India’s Digital Personal Data Protection Act: A data maximisation regime?

A law aimed at limiting the collection and retention of personal data is now becoming a backdoor for surveillance.
Data Privacy and The Internet
Data Privacy and The Internet
Published on
4 min read

Worldwide, data protection laws are based on a straightforward principle: collect and process as little data as possible to safeguard the privacy interests of residents.

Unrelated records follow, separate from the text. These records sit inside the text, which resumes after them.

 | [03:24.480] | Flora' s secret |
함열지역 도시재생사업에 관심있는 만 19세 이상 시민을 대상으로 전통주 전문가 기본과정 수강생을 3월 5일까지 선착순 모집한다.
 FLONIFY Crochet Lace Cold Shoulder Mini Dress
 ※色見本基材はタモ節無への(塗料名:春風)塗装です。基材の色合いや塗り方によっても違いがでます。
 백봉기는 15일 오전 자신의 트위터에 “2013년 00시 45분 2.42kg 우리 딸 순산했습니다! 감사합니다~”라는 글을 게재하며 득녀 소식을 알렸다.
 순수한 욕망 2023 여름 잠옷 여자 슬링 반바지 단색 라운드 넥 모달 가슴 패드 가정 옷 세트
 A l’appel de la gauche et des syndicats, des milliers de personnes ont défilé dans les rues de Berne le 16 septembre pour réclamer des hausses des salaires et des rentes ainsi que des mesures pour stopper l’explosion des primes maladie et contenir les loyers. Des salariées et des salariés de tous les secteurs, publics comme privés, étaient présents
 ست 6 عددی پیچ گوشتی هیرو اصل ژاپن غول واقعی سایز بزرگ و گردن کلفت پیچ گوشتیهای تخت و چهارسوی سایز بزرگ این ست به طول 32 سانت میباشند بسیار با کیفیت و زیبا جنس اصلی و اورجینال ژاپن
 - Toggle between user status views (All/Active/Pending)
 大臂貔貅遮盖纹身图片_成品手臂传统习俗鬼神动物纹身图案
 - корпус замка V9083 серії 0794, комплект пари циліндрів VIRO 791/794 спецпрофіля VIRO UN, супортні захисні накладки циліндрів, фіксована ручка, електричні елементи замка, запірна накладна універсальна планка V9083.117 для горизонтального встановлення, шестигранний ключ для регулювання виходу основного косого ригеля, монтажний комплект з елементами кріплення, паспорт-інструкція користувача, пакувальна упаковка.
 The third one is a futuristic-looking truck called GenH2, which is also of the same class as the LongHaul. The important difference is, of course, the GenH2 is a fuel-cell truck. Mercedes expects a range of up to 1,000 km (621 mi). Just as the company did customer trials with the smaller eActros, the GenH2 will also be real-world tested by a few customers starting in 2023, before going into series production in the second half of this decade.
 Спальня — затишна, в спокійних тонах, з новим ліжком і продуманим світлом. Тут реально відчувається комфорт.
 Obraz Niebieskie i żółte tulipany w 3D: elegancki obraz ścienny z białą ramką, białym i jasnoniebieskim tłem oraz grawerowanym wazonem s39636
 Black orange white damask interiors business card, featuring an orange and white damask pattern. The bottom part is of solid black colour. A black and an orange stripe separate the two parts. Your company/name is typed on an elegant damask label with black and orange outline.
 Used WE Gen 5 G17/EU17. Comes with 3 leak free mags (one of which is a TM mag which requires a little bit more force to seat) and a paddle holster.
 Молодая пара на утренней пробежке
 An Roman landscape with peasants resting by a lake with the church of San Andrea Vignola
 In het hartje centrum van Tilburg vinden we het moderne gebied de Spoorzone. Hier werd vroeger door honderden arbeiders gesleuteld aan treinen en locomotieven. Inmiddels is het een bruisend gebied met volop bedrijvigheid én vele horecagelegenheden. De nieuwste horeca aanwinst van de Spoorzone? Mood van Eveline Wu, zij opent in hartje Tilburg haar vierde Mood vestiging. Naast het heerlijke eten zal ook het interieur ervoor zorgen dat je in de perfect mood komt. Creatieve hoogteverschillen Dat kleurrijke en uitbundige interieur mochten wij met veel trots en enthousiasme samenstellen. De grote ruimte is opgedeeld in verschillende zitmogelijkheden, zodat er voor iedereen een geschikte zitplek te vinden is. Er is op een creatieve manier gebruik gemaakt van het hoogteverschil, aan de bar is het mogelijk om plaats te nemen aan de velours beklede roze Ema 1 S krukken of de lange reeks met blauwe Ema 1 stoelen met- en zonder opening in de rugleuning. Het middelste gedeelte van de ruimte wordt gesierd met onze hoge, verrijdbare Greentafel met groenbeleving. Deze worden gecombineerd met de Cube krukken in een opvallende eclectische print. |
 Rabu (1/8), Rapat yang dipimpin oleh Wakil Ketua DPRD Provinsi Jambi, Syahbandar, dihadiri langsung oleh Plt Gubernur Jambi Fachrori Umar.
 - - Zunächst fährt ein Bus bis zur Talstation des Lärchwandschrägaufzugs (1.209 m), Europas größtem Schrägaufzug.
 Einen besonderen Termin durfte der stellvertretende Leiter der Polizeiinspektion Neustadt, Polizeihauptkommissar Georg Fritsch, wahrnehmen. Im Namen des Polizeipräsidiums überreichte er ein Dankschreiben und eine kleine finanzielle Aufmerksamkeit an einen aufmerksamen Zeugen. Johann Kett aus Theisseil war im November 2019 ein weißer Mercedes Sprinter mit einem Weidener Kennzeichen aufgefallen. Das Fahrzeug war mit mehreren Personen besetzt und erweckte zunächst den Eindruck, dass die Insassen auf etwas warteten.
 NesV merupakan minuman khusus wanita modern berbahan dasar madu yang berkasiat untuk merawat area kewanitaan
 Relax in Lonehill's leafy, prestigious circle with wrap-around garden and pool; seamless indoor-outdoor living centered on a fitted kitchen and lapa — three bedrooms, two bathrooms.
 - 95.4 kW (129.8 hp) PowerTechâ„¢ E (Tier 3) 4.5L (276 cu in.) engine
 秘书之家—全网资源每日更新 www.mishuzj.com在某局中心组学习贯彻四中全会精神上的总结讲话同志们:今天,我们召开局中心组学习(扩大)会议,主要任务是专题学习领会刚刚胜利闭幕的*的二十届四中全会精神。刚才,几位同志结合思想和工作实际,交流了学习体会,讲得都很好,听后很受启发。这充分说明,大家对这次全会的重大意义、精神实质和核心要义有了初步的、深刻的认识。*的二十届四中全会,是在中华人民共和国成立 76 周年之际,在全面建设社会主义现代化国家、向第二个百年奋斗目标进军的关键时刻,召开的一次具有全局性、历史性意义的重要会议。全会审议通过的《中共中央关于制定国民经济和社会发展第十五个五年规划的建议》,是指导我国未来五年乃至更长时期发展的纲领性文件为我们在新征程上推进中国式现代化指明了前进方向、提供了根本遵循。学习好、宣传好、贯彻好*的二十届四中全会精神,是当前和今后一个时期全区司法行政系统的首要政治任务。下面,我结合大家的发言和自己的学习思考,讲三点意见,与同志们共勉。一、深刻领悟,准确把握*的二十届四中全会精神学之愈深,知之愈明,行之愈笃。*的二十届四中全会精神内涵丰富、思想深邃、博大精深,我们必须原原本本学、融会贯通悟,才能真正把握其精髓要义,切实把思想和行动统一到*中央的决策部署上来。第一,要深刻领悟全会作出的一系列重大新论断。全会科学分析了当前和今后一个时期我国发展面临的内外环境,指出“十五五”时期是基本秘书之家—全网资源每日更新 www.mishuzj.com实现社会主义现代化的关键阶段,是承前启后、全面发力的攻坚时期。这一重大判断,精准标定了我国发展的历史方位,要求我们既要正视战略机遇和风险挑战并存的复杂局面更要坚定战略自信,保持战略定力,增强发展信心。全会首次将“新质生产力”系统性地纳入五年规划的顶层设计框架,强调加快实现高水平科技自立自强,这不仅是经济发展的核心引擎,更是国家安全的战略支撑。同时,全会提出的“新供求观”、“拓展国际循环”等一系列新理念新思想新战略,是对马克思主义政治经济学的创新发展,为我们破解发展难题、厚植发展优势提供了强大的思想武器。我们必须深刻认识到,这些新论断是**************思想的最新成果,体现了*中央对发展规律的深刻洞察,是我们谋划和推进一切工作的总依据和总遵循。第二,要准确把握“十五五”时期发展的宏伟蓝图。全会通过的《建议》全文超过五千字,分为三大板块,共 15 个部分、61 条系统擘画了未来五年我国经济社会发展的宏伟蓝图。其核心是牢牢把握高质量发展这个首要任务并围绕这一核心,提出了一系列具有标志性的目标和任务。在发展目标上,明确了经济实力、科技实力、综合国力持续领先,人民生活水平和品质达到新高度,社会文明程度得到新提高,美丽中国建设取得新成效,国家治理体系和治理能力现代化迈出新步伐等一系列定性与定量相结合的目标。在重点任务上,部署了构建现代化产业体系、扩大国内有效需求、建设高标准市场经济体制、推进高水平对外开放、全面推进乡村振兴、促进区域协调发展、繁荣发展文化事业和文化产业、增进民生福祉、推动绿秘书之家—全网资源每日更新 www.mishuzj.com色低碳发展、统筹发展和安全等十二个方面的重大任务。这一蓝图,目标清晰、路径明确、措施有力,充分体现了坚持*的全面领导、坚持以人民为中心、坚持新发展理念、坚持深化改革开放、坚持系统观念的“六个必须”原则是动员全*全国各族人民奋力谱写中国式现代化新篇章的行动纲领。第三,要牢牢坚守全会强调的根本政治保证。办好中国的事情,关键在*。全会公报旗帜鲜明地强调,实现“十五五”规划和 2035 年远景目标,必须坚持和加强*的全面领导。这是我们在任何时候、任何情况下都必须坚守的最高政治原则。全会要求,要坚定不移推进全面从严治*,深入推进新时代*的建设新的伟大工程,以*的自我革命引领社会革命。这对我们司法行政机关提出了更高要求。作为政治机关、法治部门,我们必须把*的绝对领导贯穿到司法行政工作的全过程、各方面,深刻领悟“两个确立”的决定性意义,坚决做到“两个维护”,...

Many responsible technology companies also base their privacy practices on the concept of data minimisation.

Even in the initial drafts of India’s data protection bills, including the explanatory note to the 2022 Bill, data minimisation was specifically identified as a key principle. The final version of the Digital Personal Data Protection (DPDP) Act omitted this term, but the idea remained clear: personal data should be collected and processed only for specified purposes. These developments gave the impression that India was aligning with one of the core principles of modern privacy law. 

However, the Rules issued under the Act paint a different picture. Instead of promoting minimisation, they risk establishing a data maximisation regime. The key issue is a rule that requires data fiduciaries to retain any personal data, related traffic data and logs for 1 year from the date of processing. The intention is to enable the government to access this personal data for law enforcement and other lawful purposes, including the decision to notify a data fiduciary as a significant data fiduciary. 

To understand the importance of this rule, it is important to examine modern data privacy governance in the technology sector. Many current digital systems are designed with privacy as a priority, deliberately avoiding the storage of personal data. These include techniques such as anonymisation at source or point of collection, ephemeral data processing and automated deletion after brief retention periods.

Apple, for example, uses local differential privacy, adding noise to personal data to prevent identification before it is transmitted to Apple’s servers. Features such as Face ID and Touch ID operate entirely on the device’s Secure Enclave, meaning the biometric data used to authenticate a user is stored locally and is not transmitted to the cloud.

Google employs federated learning, where machine learning models are trained directly on user devices while the data remains there. Urban mobility analytics platforms like Uber Movement publish traffic insights using only aggregated and anonymised trip data, rather than identifiable records of individual journeys. These approaches reflect a broader shift in privacy engineering towards source and edge anonymisation, where personal data is either transformed before leaving the device or processed locally without being stored centrally.

Many systems are configured to automatically delete logs after a set period, sometimes instantly, unless an event necessitates retention. Motion-sensing cameras, for example, capture data temporarily and discard it unless an alert is triggered. Voice assistants retain only relevant commands and discard ambient noise to ensure that what is not intended as a command is not processed. These architectures reflect a simple idea: the best way to protect personal data is often not to keep it at all.

These are integral design principles that have been in practice for decades to reduce privacy harms and improve consumer trust. If personal data is purged periodically or is anonymised, it cannot be misused, breached or accessed improperly. This also helps companies manage their privacy risk better and leads to cost optimisation.

A mandatory retention requirement that compels organisations to store identifiable logs risks undermining these privacy-preserving design architectures that depend on deletion or anonymisation. Even when companies have intentionally designed their systems to avoid storing identifiable personal data, they may now be forced to retain records they would have otherwise purged. This creates a lose-lose situation for the Indian public - whose privacy is now at greater risk - and for tech companies, which will have to overhaul and discard their privacy-preserving architectures to comply with Indian legal requirements.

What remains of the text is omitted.